Yes, the AI can be very irksome in its efforts to hamper your AC effort.
If you leave one or more AI civs strong enough, they can also be serious competitors in the race to build and launch.
Rather than focus with complete single mindedness on research and establishing a sufficient productive capacity to build the spaceship, I also look for opportunities, throughout the game, to peg back the AI civs.
Your post identifies one of the problems about that. The most powerful AI civs are likely to be quite remote - after all, you probably had the opportunity to cripple your near neighbours and at some stage will have felt sufficiently threatened by them to do so.
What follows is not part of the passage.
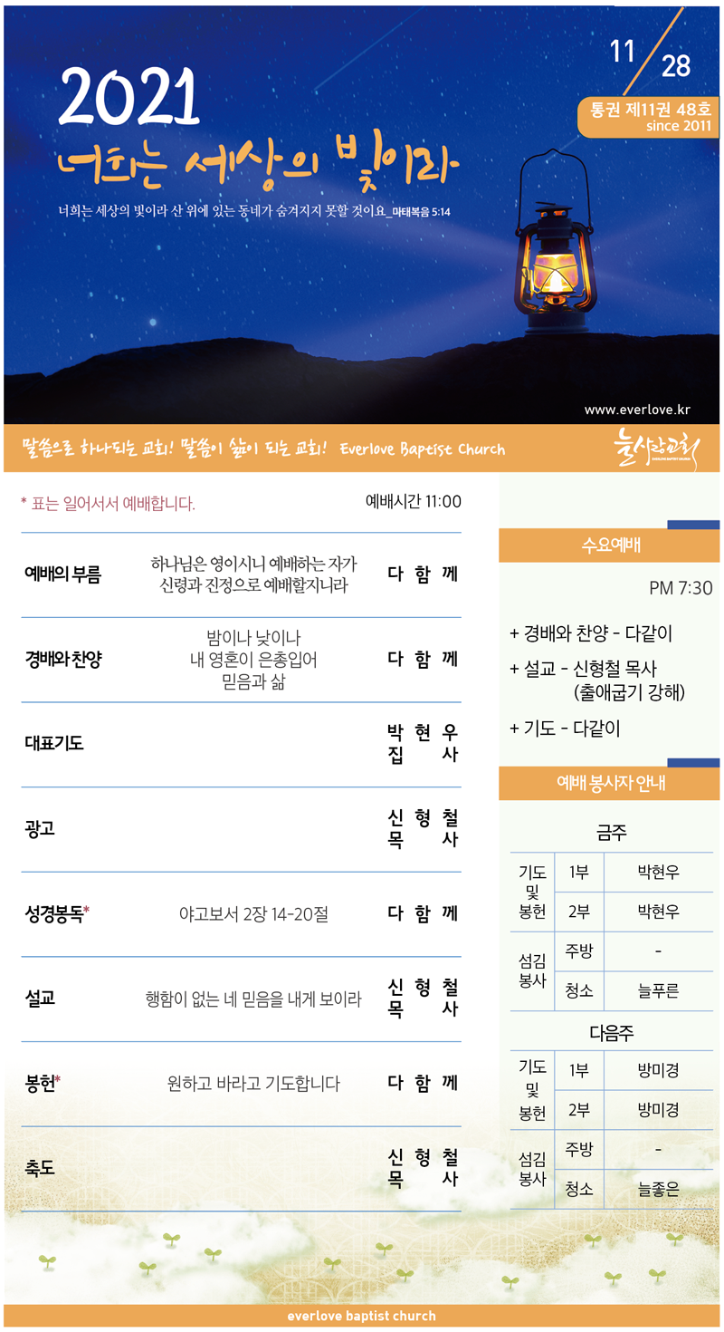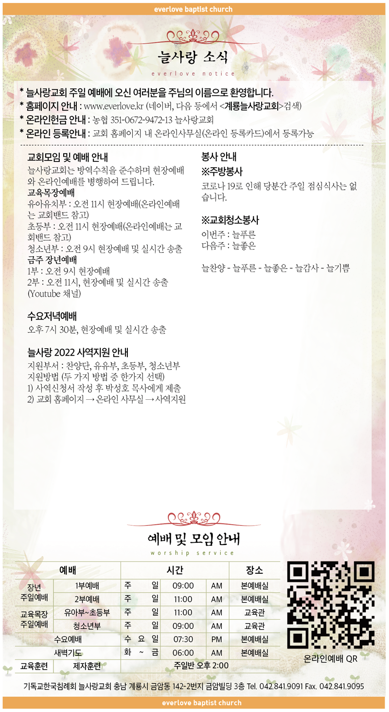 말씀이 삶이되는 늘사랑교회 늘사랑의 다양한 소식들을 전해 드립니다. 예배 순서와 말씀 본문도 보실 수 있습니다. 진행되는 사역들을 위해 함께 기도해 주세요. Tags:2021년2022계룡교회내 영혼이 은총입어늘사랑믿음과 삶밤이나 낮이나사역지원소식수요저녁예배원하고 바라고 기도합니다

There is no simple answer to this. If you are going to break off from your space race efforts to mount a major campeign half way across the globe you may as well play blood lust and be done with it. So I just accept that a strong distant civ will be a competitor to the end and try to prepare appropriately.
One thing you
can do is to try very hard to keep the AI diplos and spies at bay. In my experience it is your near neighbours who will be the commoner would-be tech thieves - but they then give away the stolen tech, or swop it, to all and sundry. Especially so after the year 1750. Thus your weedy and unthreatening neighbour assists the more seriously competitive distant civ.
It is my experience that the AI does not go in for ship bourne diplos/spies much. Nevertheless some aircraft or one or two of the longer range ships can try to patrol the waters off your coastal cities to guard against that threat. Some people use missiles for scouting but that seems a bit artificial.
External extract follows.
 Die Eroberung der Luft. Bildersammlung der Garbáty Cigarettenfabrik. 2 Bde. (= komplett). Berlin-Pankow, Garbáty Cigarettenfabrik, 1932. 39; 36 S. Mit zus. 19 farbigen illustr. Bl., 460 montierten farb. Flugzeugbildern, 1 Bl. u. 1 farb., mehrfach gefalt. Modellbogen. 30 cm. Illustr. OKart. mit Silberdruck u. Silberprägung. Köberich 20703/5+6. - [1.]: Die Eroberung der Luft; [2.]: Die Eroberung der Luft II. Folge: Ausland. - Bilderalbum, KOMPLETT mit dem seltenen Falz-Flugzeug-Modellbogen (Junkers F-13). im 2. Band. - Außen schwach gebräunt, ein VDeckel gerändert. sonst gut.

More important is to establish a chain of fortresses between your own cities and those of neighbours. Subject to your military strength, three squares away is better than two for these purposes. Then scout out from the fortresses and try to pick off all AI units which you detect. Again, air power is very helpful in this. Absent aircraft your own spies are good scouts because of their extended line of sight. They can also get your military units through ZOC to destroy the interlopers. The AI does not stack units effectively and is rarely clever about smuggling in a diplo/spy. As far as I know the AI only uses the cheat whereby its military units are allowed diplo/spy functions to bribe cities and units - not to steal tech. Nevertheless probably best to detect and to try to kill off
all approaching units.
I am often tempted, late in the game when I am cash rich, to pick up cheap nearby cities through bribery when they go into revolt. But nowadays I pause to see whether I can keep the diplos/spies away from that city after I acquire it. If not I often give the opportunity the go by.
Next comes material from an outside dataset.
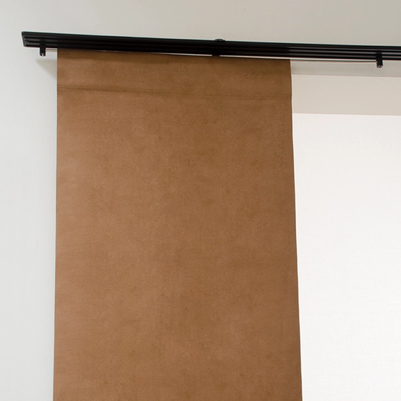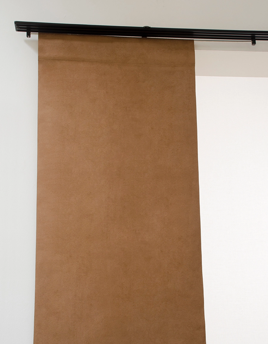 Panel curtain in a faux suede fabric.

The benefit of cutting back on tech loss comes in two ways. If you keep your healthy tech lead you get to control the timing as to when the space race starts. Nice, for example, if you have built up a store of caravans to speed up your building programme. Nice, too if you have got several of your cities to the 40/80 shields a turn level.
The second benefit comes from maybe getting to prevent the AI from working on the bigger elements of the ship for a bit if they don't have the requisite tech.
As an alternative, you can adopt the OCC type approach. Give away tech, keep your military might down. The AI is much less bloody with a human opponent who is not supreme.
Finally, a small point. If you think that your productive capacity/skill at building a fast ship ought to keep you in front during the space race, it may pay to get the race under way. In my experience, once the AI competitor turns its attention to building a spaceship, it often offers peace so as to be able to devote its attention to the building programme.
Beware though. Their production advantage makes them awesomely quick builders. I sometimes dread hearing that long sequence of clanky noises that come at the end of each turn when the mongols or some such build a quadrillion structurals in one turn!
Bastards!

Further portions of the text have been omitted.